In the above step, various feasible ways can be used to control and operate the electromagnetic member. By way of example, an output electromagnetic force of the electromagnetic member may be controlled by gradually reducing the duty cycle of PWM (Pulse Width Modulation, sinusoidal wave pulse width modulation) of the input voltage of the electromagnetic member (refer to curve Y shown at the same time in FIG. 7) or using any other appropriate control method. With reference to the examples of FIGS. 2 and 3, an electromagnetic field M can be formed by controlling the input voltage of the electromagnetic member 3 in the elevator brake, and an electromagnetic force F2 can be output. The electromagnetic force F2 has an opposite direction to a force F1 applied to a moving part 2 by a component 5. Once the electromagnetic force F2 is released (for example, the electromagnetic member 3 is in a de-energized state), then under the push of the force F1, the moving part 2 will move toward a braking member 6 along a guiding direction of guide members such as a component 7 (e.g., a bolt, a pin, etc.), a guide sleeve 8, so that a friction member 4 and the braking member 6 are in contact; then a braking force can be applied to the braking member 6, thereby prompting the elevator power device to enter the braking state and stop outputting power outwardly, which can make the elevator car stop.

It should be noted that for the electromagnetic member, the present disclosure allows for flexible setting and selections thereof according to actual application requirements in terms of the specific structure, configuration, components, arrangement position and installation method in the elevator brake, etc.; that is, there are no specific restrictions on this. As an exemplary illustration, for example, in some embodiments, one or more winding coils may be selected very conveniently and arranged in a circumferential direction of the fixed part. For example, four or six winding coils may be evenly arranged in the circumferential direction of the fixed part at the same time, which not only helps promote outwardly providing and applying the electromagnetic force more evenly, but also provides a certain degree of redundancy at the same time, thereby improving the safety and reliability of the elevator brake.

In addition, as for the input variable of the control operation of the electromagnetic member, it can be realized in various ways, such as by providing a corresponding PWM control module in a control part (such as an elevator frequency converter or an additional control circuit board and other software and hardware) for controlling the operation of the elevator brake in the elevator brake or in the elevator system, or by adding a circuit board with a PWM control function, etc., so that any suitable control method such as the above-mentioned PWM duty cycle of the input voltage can be very conveniently realized.
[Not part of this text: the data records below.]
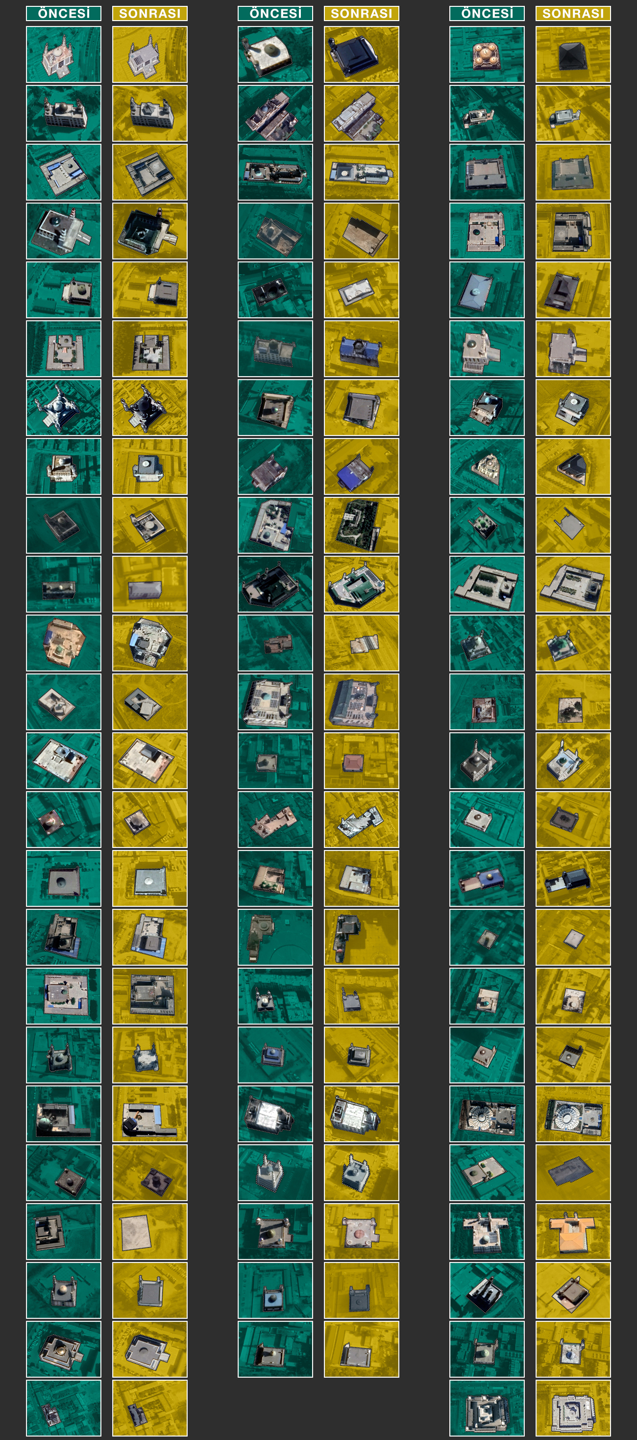 Çin rejimi tarafından kısa bir süre içerisinde tahrip edilmek istenen bazı camiler ve yapılan planlara göre bu camilerin yeni görüntüleri şu şekilde:
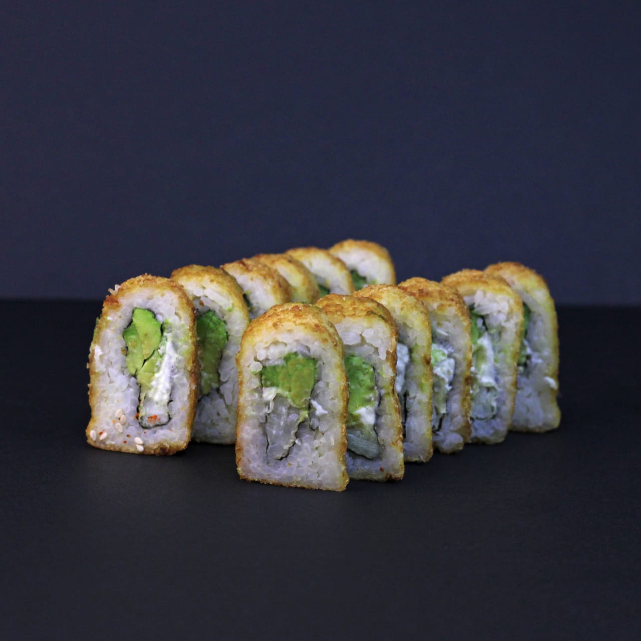 Queso crema y pescado furai con palta cubierto de ajonjolí.
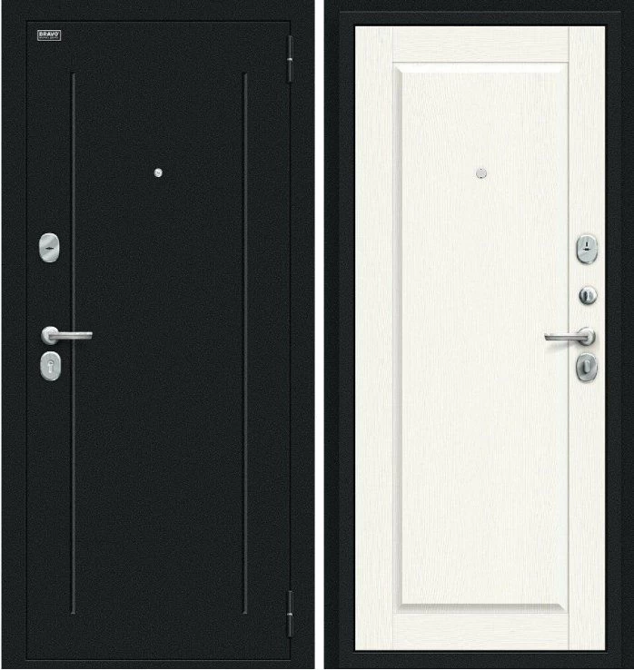 Надежная входная Дверь Браво Сьют Kale Букле черное White Wood премиум класса по цене 36 541 руб. Большая толщина стали защитит от проникновения в ваш дом, квартиру или коттедж. Используется очень качественная фурнитура: замки, цилиндры, ручки, защелки. Покрытие и отделка двери изготовлено под внимательным контролем производителя. Дверь имеет долгий срок службы и гарантию.

Next, reference is made to FIGS. 4 and 6-8, in step S12, a first target point and a second target point in the current data trajectory can be determined from the current data trajectory obtained in step S11, which represent a first peak point (for example, peak point P1 in FIG. 7 and peak point Q1 in FIG. 8) in the current data trajectory, and a start point at which the current value changes from decreasing to increasing in the current data trajectory (for example, start point P2 in FIG. 7 and start point Q2 in FIG. 8), respectively. According to the above characteristics of the first target point and the second target point, they can be very easily identified from the current value points contained in the current data trajectory such as by data algorithm processing.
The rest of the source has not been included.